Unstreitig war auch bereits bei Abschluss des Mietvertrags im Erdgeschoss des streitgegenständlichen Hauses ein anderer Gewerbebetrieb vorhanden.

Auch ergibt sich nach dem Vortrag der Beklagten auch auf den Hinweis der Kammer vom 08.03.2016 nach Maßgabe der vorstehenden Rechtsprechung kein ausreichend substantiierter Vortrag zu einer Gebrauchsbeeinträchtigung durch den Shisha-Dampf.

Eine Gesundheitsgefährdung durch den Shisha-Dampf im Freien ist nicht anzunehmen (BGH, Urt.v. 16. Januar 2015 – V ZR 110/14 –, juris) und wird von den Beklagten auch gar nicht geltend gemacht.

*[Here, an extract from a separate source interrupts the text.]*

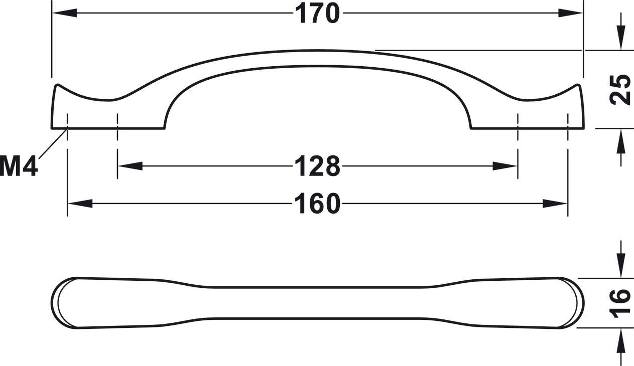 Технічні характеристики Меблева ручка дуга цамак 170 х 25 мм протертий коричневий 10669000
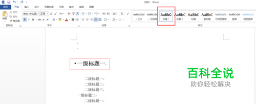 将光标放置在一级标题文字的那一行,点击右上部分的标题1,文字自动形成标题1的格式

Soweit die Beklagten eine Beeinträchtigung des Mietgebrauchs durch den Shisha-Dampf geltend machen, beschränken sie sich erneut auf eine Beschreibung des Zustandes des Bar-Betriebs, tragen jedoch nichts durch die dadurch verursachte Gebrauchsbeeinträchtigung vor, was der Kammer die Schätzung einer Minderungsquote nach § 287 ZPO unmöglich macht. Zum einen fehlt es bereits an konkretem Vortrag zu Zeiträumen. Es ist nicht ersichtlich, welcher Zeitraum genau mit „Sommer“ und „Winter“ gemeint sein sollte, bzw. inwiefern eine veränderte Gebrauchsbeeinträchtigung aufgrund welcher veränderter Gebrauchsformen der Mietsache gegeben sein sollte, noch wann z.B. der Bar-Betrieb beginnt oder welche konkrete Gebrauchsbeeinträchtigung welcher Räume wann dadurch eintritt.

Der Anspruch auf Zinsen folgt aus den §§ 286, 288 BGB.

Die Kostenentscheidung beruht auf § 92 Abs. 1 ZPO.

Die Entscheidung zur Vollstreckbarkeit folgt aus den §§ 708 Nr. 10, 711, 713 ZPO.